> Material provided:
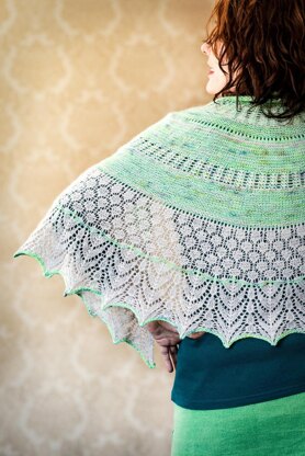 Worked in luxurious cashmere and merino yarn, this pretty, half-pi shawl is worked from the top down. A border of delicate lace patterns creates a dramatic effect contrasting with garter stitch. Both charts and written instructions are given for the lace patterns.
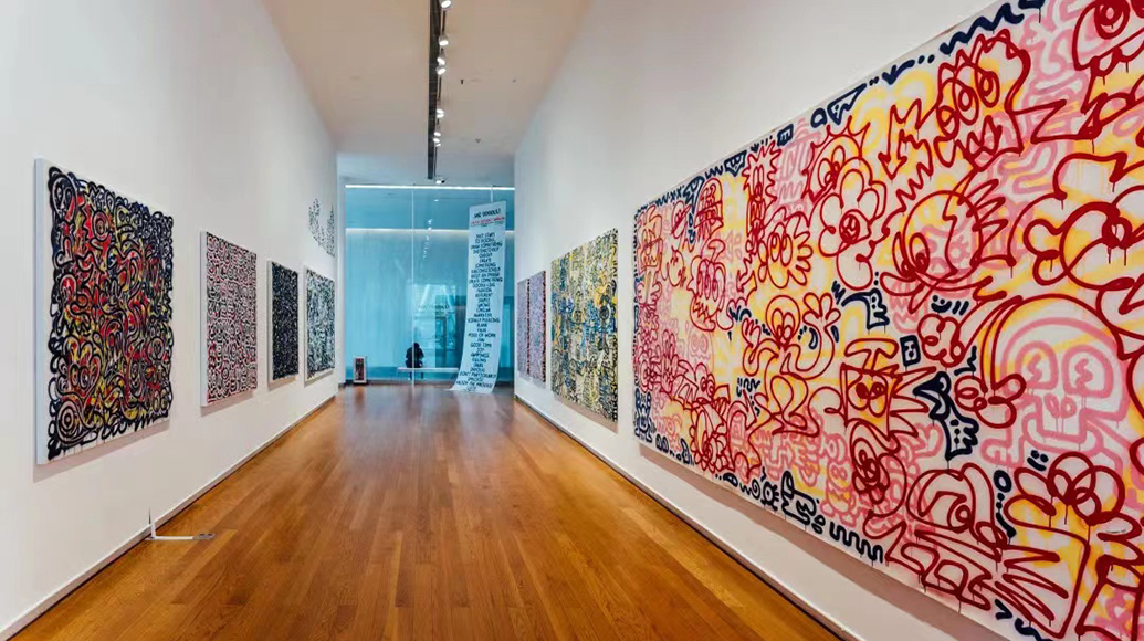 《涂鴉意像 Abstract Doodlism》是英國藝術家Mr Doodle在深圳的首展,現(xiàn)場共展出21幅作品,呈現(xiàn)其最新的「抽象主義涂鴉」系列。展覽特別將入口設置成涂鴉隧道。穿過涂鴉隧道遁入DOODLE WORLD,與快樂涂鴉撞個滿懷。展廳一角懸掛著一條長幅清單,是Mr Doodle對本次展覽和觀眾傳遞的特別寄語。
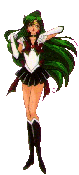 Sailor Pluto is the guardian of the Time Gate and she wields one of the Talismans, the Garnet Orb. She rarely comes down to Earth, she only does so when she is especially needed. She comes down in Sailor Moon S to help the outer soldiers find the Soveriegn of Silence and destroy her as well as stop Sailor Saturn from awakening, by whatever means possible. She shouts "Pluto Star Power!" or "Pluto Planet Power!" to become Sailor Pluto.
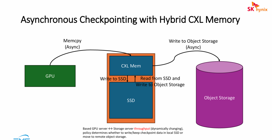 - 引入 CXL 内存打破容量墙:传统 CPU DRAM 容量有限且扩展昂贵。引入 CXL Mem(Compute Express Link 内存)后,系统获得了一个兼具“内存级极低延迟/高带宽”和“类似硬盘的可无限扩展容量”的超级缓冲池 。GPU 可以毫无顾忌地将海量 Checkpoint 数据瞬间卸载(Async Memcpy)到 CXL 内存中,彻底消除了显存阻塞和主机内存溢出的风险。
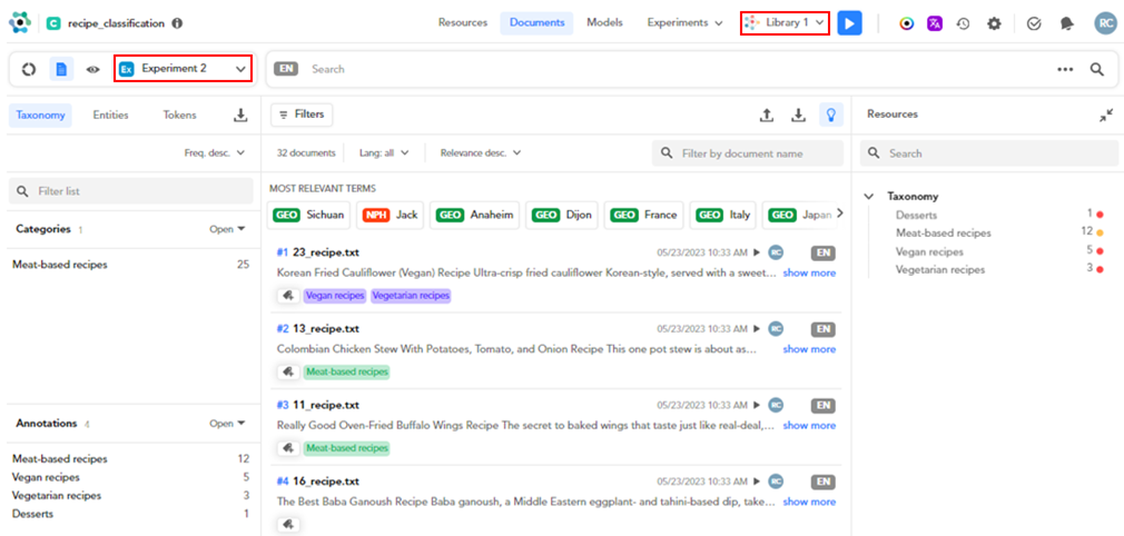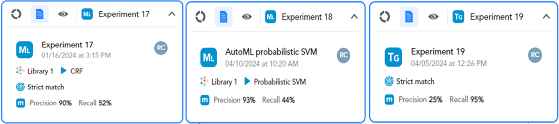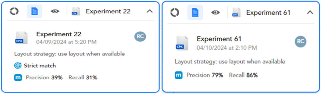 - In case an experiment has been performed, on the right of the analyzed documents there are performance date and time.
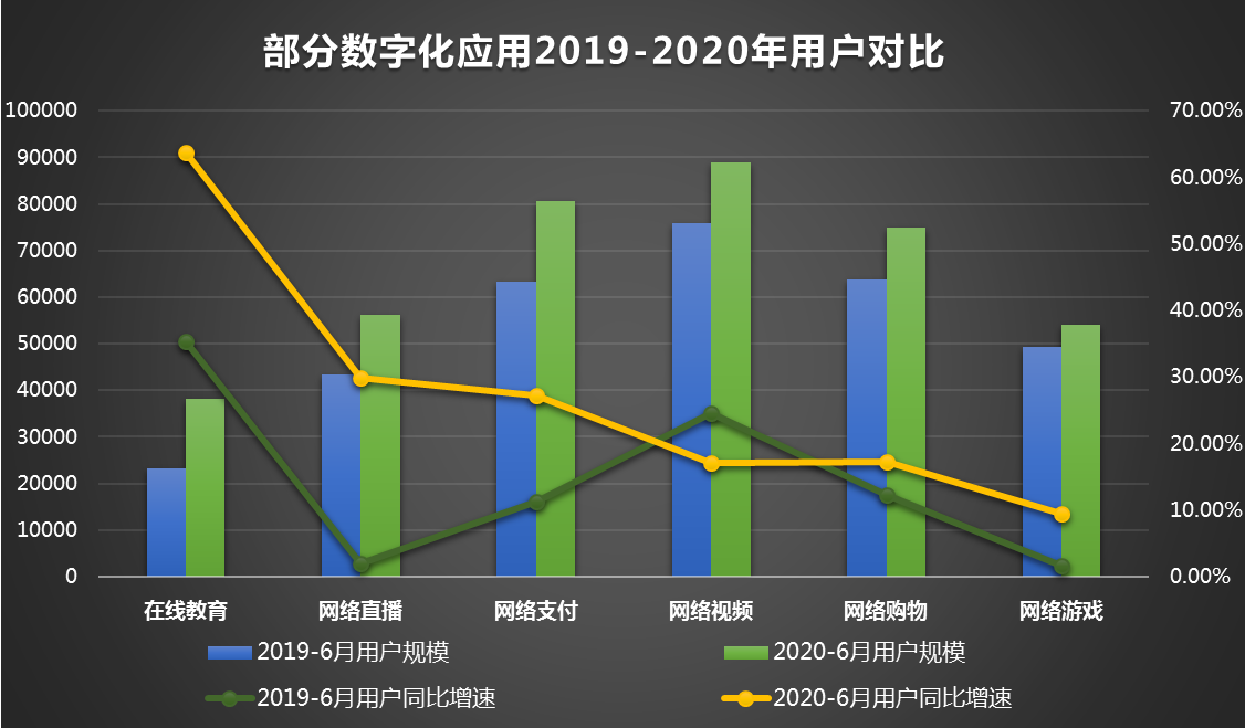 图4展示了2019-2020年,在生活领域,部分数字化应用的用户规模及同比增速情况。2020年上半年,出于疫情防控需要,经济活动加速向线上迁移,人民必须居家完成工作、教育、饮食、娱乐等活动,在线教育、网络直播、网络支付、网络购物、网络游戏用户同比增速均快于2019年上半年。新冠疫情在极短时间内激发了数字化新需求,有助于数字化转型跨越式开展。
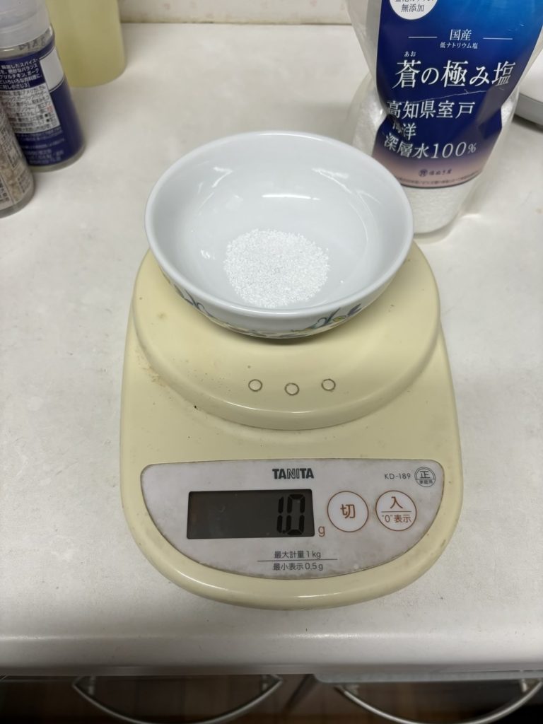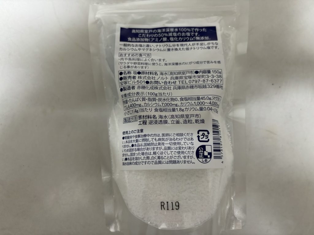 Amazonで購入した50%減塩しお。無塩ドットコムオリジナルの「塩ぬき屋 青の極み塩」です。高知県室戸の海洋深層水100%を使用し、塩化カリウム不使用でありながら、50%減塩してあるそうです。多くのミネラルを含んでいて、化学調味料や合成保存料、着色料は不使用みたいです。原料はすべて国産のものを使っていて、製造も国内の兵庫県赤穂市で行っているそうなので安心ですね。味も美味しかったです。
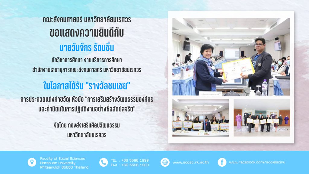 คณะสังคมศาสตร์ มหาวิทยาลัยนเรศวร ขอแสดงความยินดีกับ
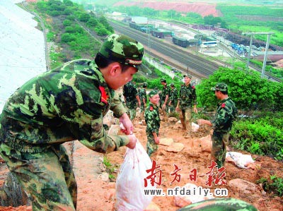 前日18时,京广铁路清远龙塘段发生6处山体滑坡,直接威胁京广交通大动脉的安全,广东省清远军分区立即组织清城区民兵应急分队400多人连夜赶往抢险。
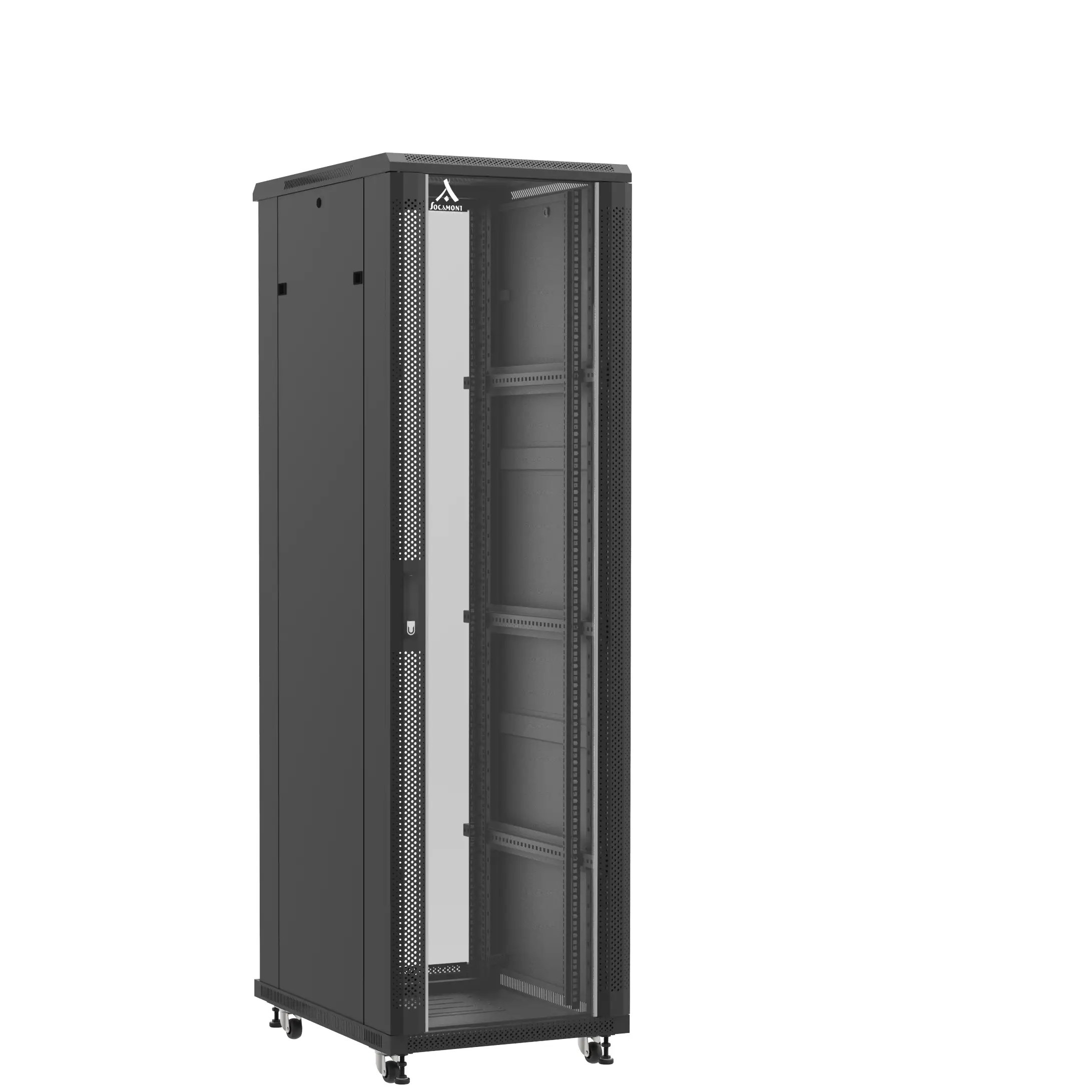Découvrez notre baie 19'' Socamont® en kit ligne 800 de capacité 42U et de dimensions, LxPxH (mm) : 600x800x2060. Toutes nos baies Socamont® sont assemblées en France dans nos ateliers ! Elles existent dans toutes les tailles et sont très performantes. Les panneaux de nos baies sont amovibles & démontables sans outils. La porte est également démontable sans outils. Les montants de nos baies Socamont® sont ajustables & sérigraphiés. Cette armoire informatique 19 pouces dispose en série de 4 pieds réglables en hauteur et de 4 roulettes.
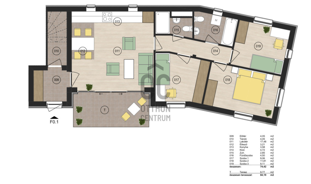 Az ingatlan a földszinten helyezkedik el, terasz kapcsolatos.Projekt bemutatása
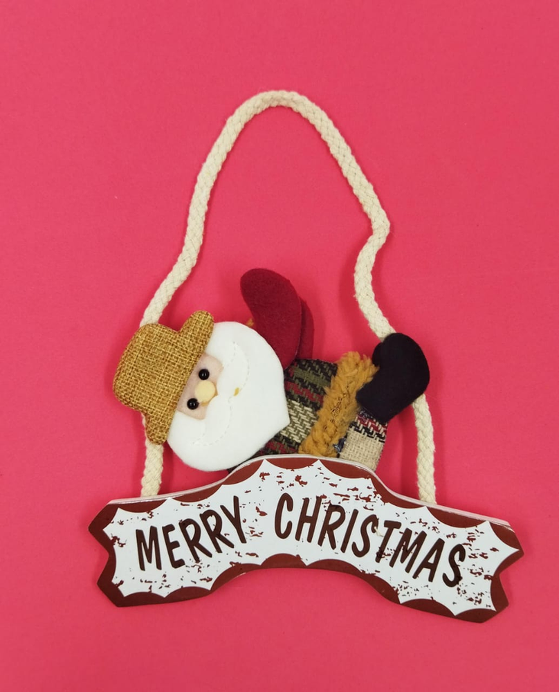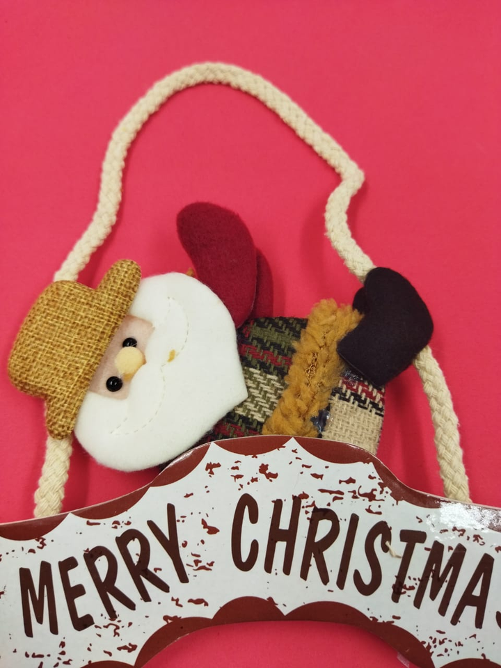 Adorno navideño, muñeco papa noel con cartel "Merry Christmas". Con soga para colgar y adornar cualquier sector navideño.
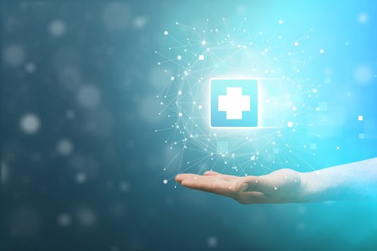 Doctor holding plus icon virtual as a concept of health, medical insurance and personal status. Mixed media. 3D Render

> Action item: Reproduce, word for word, the lines from the one containing "图4展示了2019-2020" to the end of the material, both ends included. No picture is copied.

> Task solution:
 图4展示了2019-2020年,在生活领域,部分数字化应用的用户规模及同比增速情况。2020年上半年,出于疫情防控需要,经济活动加速向线上迁移,人民必须居家完成工作、教育、饮食、娱乐等活动,在线教育、网络直播、网络支付、网络购物、网络游戏用户同比增速均快于2019年上半年。新冠疫情在极短时间内激发了数字化新需求,有助于数字化转型跨越式开展。
 Amazonで購入した50%減塩しお。無塩ドットコムオリジナルの「塩ぬき屋 青の極み塩」です。高知県室戸の海洋深層水100%を使用し、塩化カリウム不使用でありながら、50%減塩してあるそうです。多くのミネラルを含んでいて、化学調味料や合成保存料、着色料は不使用みたいです。原料はすべて国産のものを使っていて、製造も国内の兵庫県赤穂市で行っているそうなので安心ですね。味も美味しかったです。
 คณะสังคมศาสตร์ มหาวิทยาลัยนเรศวร ขอแสดงความยินดีกับ
 前日18时,京广铁路清远龙塘段发生6处山体滑坡,直接威胁京广交通大动脉的安全,广东省清远军分区立即组织清城区民兵应急分队400多人连夜赶往抢险。
Découvrez notre baie 19'' Socamont® en kit ligne 800 de capacité 42U et de dimensions, LxPxH (mm) : 600x800x2060. Toutes nos baies Socamont® sont assemblées en France dans nos ateliers ! Elles existent dans toutes les tailles et sont très performantes. Les panneaux de nos baies sont amovibles & démontables sans outils. La porte est également démontable sans outils. Les montants de nos baies Socamont® sont ajustables & sérigraphiés. Cette armoire informatique 19 pouces dispose en série de 4 pieds réglables en hauteur et de 4 roulettes.
 Az ingatlan a földszinten helyezkedik el, terasz kapcsolatos.Projekt bemutatása
 Adorno navideño, muñeco papa noel con cartel "Merry Christmas". Con soga para colgar y adornar cualquier sector navideño.
 Doctor holding plus icon virtual as a concept of health, medical insurance and personal status. Mixed media. 3D Render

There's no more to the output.